From 13359aa16f35dac4796d8d8029bfe7325f2c2c66 Mon Sep 17 00:00:00 2001
From: Steven Masley <Emyrk@users.noreply.github.com>
Date: Fri, 23 Feb 2024 11:17:52 -0600
Subject: [PATCH] chore: drop github per user rate limit tracking (#12286)

* chore: drop github per user rate limit tracking

Rate limits for authenticated requests are per user.
This would be an excessive number of prometheus labels,
so we only track the unauthorized limit.
---
 coderd/promoauth/github.go      | 28 ++++++++++++++--------------
 coderd/promoauth/oauth2_test.go | 15 ++++++++++++---
 scripts/metricsdocgen/metrics   |  4 ++--
 3 files changed, 28 insertions(+), 19 deletions(-)

diff --git a/coderd/promoauth/github.go b/coderd/promoauth/github.go
index 3f2a97d241..17449ef70f 100644
--- a/coderd/promoauth/github.go
+++ b/coderd/promoauth/github.go
@@ -16,12 +16,24 @@ type rateLimits struct {
 	Resource  string
 }
 
-// githubRateLimits checks the returned response headers and
+// githubRateLimits returns rate limit information from a GitHub response.
+// GitHub rate limits are on a per-user basis, and tracking each user as
+// a prometheus label might be too much. So only track rate limits for
+// unauthorized responses.
+//
+// Unauthorized responses have a much stricter rate limit of 60 per hour.
+// Tracking this is vital to ensure we do not hit the limit.
 func githubRateLimits(resp *http.Response, err error) (rateLimits, bool) {
 	if err != nil || resp == nil {
 		return rateLimits{}, false
 	}
 
+	// Only track 401 responses which indicates we are using the 60 per hour
+	// rate limit.
+	if resp.StatusCode != http.StatusUnauthorized {
+		return rateLimits{}, false
+	}
+
 	p := headerParser{header: resp.Header}
 	// See
 	// https://docs.github.com/en/rest/using-the-rest-api/rate-limits-for-the-rest-api?apiVersion=2022-11-28#checking-the-status-of-your-rate-limit
@@ -29,7 +41,7 @@ func githubRateLimits(resp *http.Response, err error) (rateLimits, bool) {
 		Limit:     p.int("x-ratelimit-limit"),
 		Remaining: p.int("x-ratelimit-remaining"),
 		Used:      p.int("x-ratelimit-used"),
-		Resource:  p.string("x-ratelimit-resource"),
+		Resource:  p.string("x-ratelimit-resource") + "-unauthorized",
 	}
 
 	if limits.Limit == 0 &&
@@ -50,18 +62,6 @@ func githubRateLimits(resp *http.Response, err error) (rateLimits, bool) {
 	}
 	limits.Reset = resetAt
 
-	// Unauthorized requests have their own rate limit, so we should
-	// track them separately.
-	if resp.StatusCode == http.StatusUnauthorized {
-		limits.Resource += "-unauthorized"
-	}
-
-	// A 401 or 429 means too many requests. This might mess up the
-	// "resource" string because we could hit the unauthorized limit,
-	// and we do not want that to override the authorized one.

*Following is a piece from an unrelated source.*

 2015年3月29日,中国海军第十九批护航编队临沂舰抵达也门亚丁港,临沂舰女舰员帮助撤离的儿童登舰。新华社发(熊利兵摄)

-	// However, in testing, it seems a 401 is always a 401, even if
-	// the limit is hit.
-
 	if len(p.errors) > 0 {
 		// If we are missing any headers, then do not try and guess
 		// what the rate limits are.
diff --git a/coderd/promoauth/oauth2_test.go b/coderd/promoauth/oauth2_test.go
index 845e2dbcb5..e54608385c 100644
--- a/coderd/promoauth/oauth2_test.go
+++ b/coderd/promoauth/oauth2_test.go
@@ -179,6 +179,15 @@ func TestGithubRateLimits(t *testing.T) {
 							}
 						}
 
+						// Ignore the well known, required for setup
+						if !strings.Contains(r.URL.String(), ".well-known") {
+							// GitHub rate limits only are instrumented for unauthenticated calls. So emulate
+							// that here. We cannot actually use invalid credentials because the fake IDP
+							// will throw a test error, as it only expects things to work. And we want to use
+							// a real idp to emulate the right http calls to be instrumented.

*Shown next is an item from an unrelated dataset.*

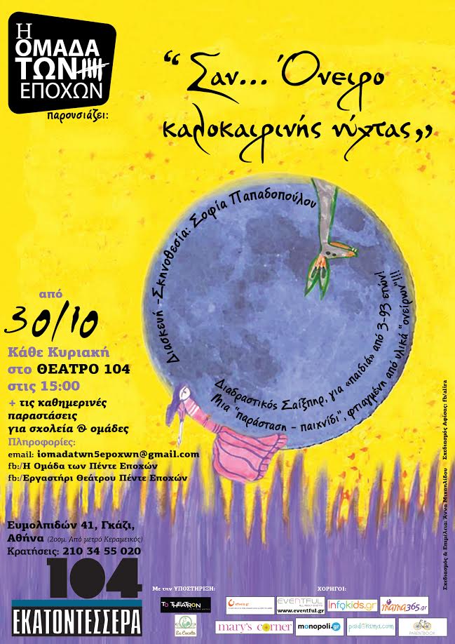 Με αφορμή τα 400 χρόνια από τον θάνατο του μεγάλου δημιουργού, «Η ομάδα των Πέντε Εποχών» επιλέγει το «Όνειρο καλοκαιρινής νύχτας», και κατά την γνωστή της πλέον μέθοδο, φτιάχνει μια «παράσταση – παιχνίδι» που εισάγει μικρούς και μεγάλους στον πολυσήμαντο κόσμο του Σαίξπηρ. Με οδηγό το θεατρικό παιχνίδι και την τεχνική του καθοδηγούμενου αυτοσχεδιασμού, οι θεατές/συμμετέχοντες ανακαλύπτουν, συνθέτουν, κατανοούν τους τρεις διαφορετικούς κόσμους που συμπλέκονται στο «Όνειρο»: τον κόσμο των ευγενών (της εξουσίας και της δικαιοσύνης), τον κόσμο των ξωτικών (της μαγείας και των μεταμορφώσεων) και τον κόσμο των μαστόρων (της απλής και ενίοτε κωμικής καθημερινότητας). Όπως ο Σαίξπηρ χρησιμοποιούσε την τεχνική του «ντουμπλαρίσματος» προκειμένου να ενδυναμώσει την ατμόσφαιρα και να δημιουργήσει συνδέσεις και αντιθέσεις μεταξύ των διαφορετικών κόσμων και χαρακτήρων του έργου έτσι και «Η Ομάδα των Πέντε Εποχών» με τέσσερις ηθοποιούς που υποδύονται όλους τους ρόλους προκαλεί ένα ξέφρενο παιχνίδι μεταμορφώσεων και ενισχύει το φαντασιακό και το φανταστικό. Με σεβασμό στο πρωτότυπο κείμενο δημιουργεί μια «εύπεπτη» διασκευή που διατηρεί όλα τα στοιχεία που καθιέρωσαν το εν λόγω έργο ως το κορυφαίο δημιούργημα της πρώτης περιόδου του συγγραφέα. Χιούμορ, φαντασία, παιχνίδι, φιλία, αγάπη, επιθυμία, όνειρο, ισότητα, σχέσεις, οικογένεια, όρια, ζωντανή μουσική και ήχοι είναι μερικά μόνο, από τα «υλικά» που συνθέτουν μια διαδραστική παράσταση που αφορά όλους και συνεπαίρνει «παιδιά» από 3 έως 93 ετών.

+							rw.WriteHeader(http.StatusUnauthorized)
+							return
+						}
 						next.ServeHTTP(rw, r)
 					})
 				}))
@@ -195,13 +204,13 @@ func TestGithubRateLimits(t *testing.T) {
 			// Do a single oauth2 call
 			ctx := testutil.Context(t, testutil.WaitShort)
 			ctx = context.WithValue(ctx, oauth2.HTTPClient, idp.HTTPClient(nil))
-			_, err := cfg.Exchange(ctx, idp.CreateAuthCode(t, "foo"))
-			require.NoError(t, err)
+			_, err := cfg.Exchange(ctx, "invalid")
+			require.Error(t, err, "expected unauthorized exchange")
 
 			// Verify
 			labels := prometheus.Labels{
 				"name":     "test",
-				"resource": "core",
+				"resource": "core-unauthorized",
 			}
 			pass := true
 			if !c.ExpectNoMetrics {
diff --git a/scripts/metricsdocgen/metrics b/scripts/metricsdocgen/metrics
index 7b6dff2ad9..f51b0b1856 100644
--- a/scripts/metricsdocgen/metrics
+++ b/scripts/metricsdocgen/metrics
@@ -12,8 +12,8 @@ coderd_oauth2_external_requests_rate_limit_reset_in_seconds{name="primary-github
 coderd_oauth2_external_requests_rate_limit_reset_in_seconds{name="secondary-github",resource="core"} 121.82186601
 # HELP coderd_oauth2_external_requests_rate_limit_total The total number of allowed requests per interval.
 # TYPE coderd_oauth2_external_requests_rate_limit_total gauge
-coderd_oauth2_external_requests_rate_limit_total{name="primary-github",resource="core"} 5000
-coderd_oauth2_external_requests_rate_limit_total{name="secondary-github",resource="core"} 5000
+coderd_oauth2_external_requests_rate_limit_total{name="primary-github",resource="core-unauthorized"} 5000
+coderd_oauth2_external_requests_rate_limit_total{name="secondary-github",resource="core-unauthorized"} 5000
 # HELP coderd_oauth2_external_requests_rate_limit_used The number of requests made in this interval.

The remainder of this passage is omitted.